According to the balance condition, if the electric field force of the oil drop is vertical upward, the upper plate of the metal plate will be negatively charged and the lower plate will be positively charged

What resistance does the motor have besides coil resistance?
Maybe you don't quite understand what I said. For example:
A toy motor is marked with "rated voltage 6V, coil resistance 0.5eu" in the manual. When it runs under the push of 4 dry batteries, the measured current through the coil is 0.3A
I find it very strange that 6V divided by 0.3A equals 20 ohm, but the title says that the resistance is 0.5 ohm.
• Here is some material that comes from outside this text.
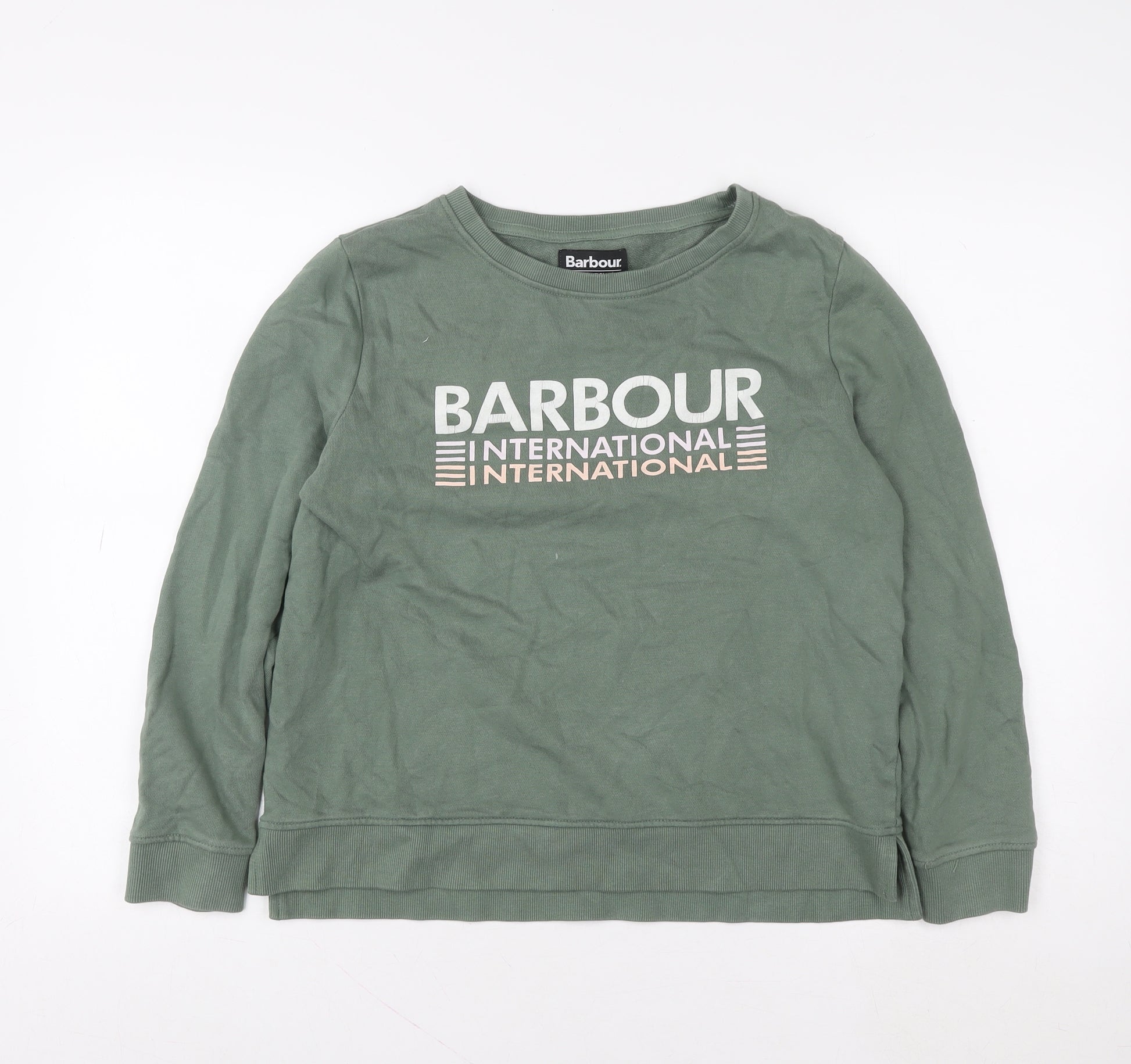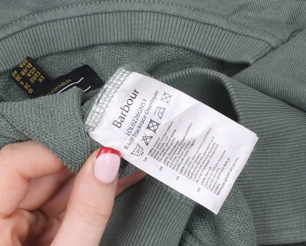 Upgrade your casual wardrobe with this stylish Barbour International women’s sweatshirt, designed to combine comfort, quality, and effortless style. Crafted from soft 100% cotton, this premium pullover offers a breathable and comfortable wear, perfect for all seasons. The gentle green hue gives a fresh and versatile look that pairs beautifully with jeans, leggings, or joggers for a relaxed, laid-back outfit. Featuring the iconic Barbour International logo boldly printed on the chest, this sweatshirt celebrates the brand’s rich heritage in classic motorcycling fashion while maintaining a modern, feminine appeal. The ribbed cuffs, neckline, and hem ensure a snug and flattering fit, while side vents provide ease of movement. The crew neck design adds timeless simplicity, making this piece a wardrobe staple you can layer over shirts or under jackets for extra warmth. Designed for women who appreciate quality craftsmanship and practical style, this sweatshirt is ideal for casual days, weekend outings, or relaxed work-from-home wear. The premium cotton fabric is sure to provide durability and softness wash after wash. This gently used piece remains in excellent condition with only light signs of wear, offering you high-end style at a fraction of the original retail price. A must-have for any fan of heritage British brands, this Barbour International sweatshirt is both functional and fashionable. Its minimalist yet eye-catching design makes it the perfect piece to transition from lounging to errands in comfort and confidence. Add this versatile pullover to your collection and enjoy the blend of quality, comfort, and iconic design that only Barbour can deliver.

I know that coil resistance is different from 20 ohm resistance, but where does this 20 ohm resistance come from?

Using DC, there will be inductive reactance!
I think on the one hand, the battery has internal resistance, and on the other hand, because the DC motor is used, the contact resistance of the brush and commutator can not be ignored. From the outside of the motor, there will be sparks on the contact surface of the brush, which will also produce a voltage drop

About the resistance of motor coil
There is a smooth slope with a length of 2.4 meters. One end is placed on the ground and the other end is supported on a platform with a height of 1.2 meters. A weight of 200 kg is placed on it. The voltage applied to the motor is 220 v. when the motor lifts the weight along the slope at a speed of 1 m / s, the current passing through the motor is 5 A, and the resistance of the motor coil is calculated regardless of the friction of the motor shaft

Input power of motor P = UI = 220 * 5 = 1100W output power of motor (take g = 10) 200kg = 2000np = f * V = 2000 * 1 * (1.2 / 2.4) = 1000 (V is the upward speed) power consumed by motor resistance 1100-1000 = 100wp = UI u = RI P = RI * I resistance of motor coil r = P / (I * I) =

How to detect the resistance of motor coil?
For a 1000W brushless DC motor, the stator resistance given by the manufacturer is 10-15 ohm. I directly use the bridge test to measure the three leads of the motor in pairs, which is only tens of milliohm. Is the method wrong?
I mean to test the stator resistance, that is, the DC resistance of the stator coil, not the insulation resistance. The manufacturer said that they tested it in the semi-finished product. Do I have to dismantle the motor to test it?

It is estimated that the motor will be disassembled and the test will be on time. You'd better contact the manufacturer!

The coil resistance of DC motor is very small, and the starting current is very large, which will produce adverse consequences. In order to reduce the starting current, it is necessary to connect a starting resistance R in series, and then gradually reduce R after the motor starts. If the power supply voltage is 220 V and the coil resistance of the motor is 2.0 Ω, then, (1) how much is the starting current when the starting resistance is not connected in series? (2) how much should R be in order to reduce the starting current to 20 a?

（1）I1=U/r=220/2=110A
（2）I2=U/(R+r)
R+r=U/I2=220/20=11Ω
So r = 11-r = 9 Ω

A small bulb marked with "2.5V & nbsp; & nbsp; 0.5W" must be connected in series with a large resistor in order to connect it to a 6V power supply for normal lighting?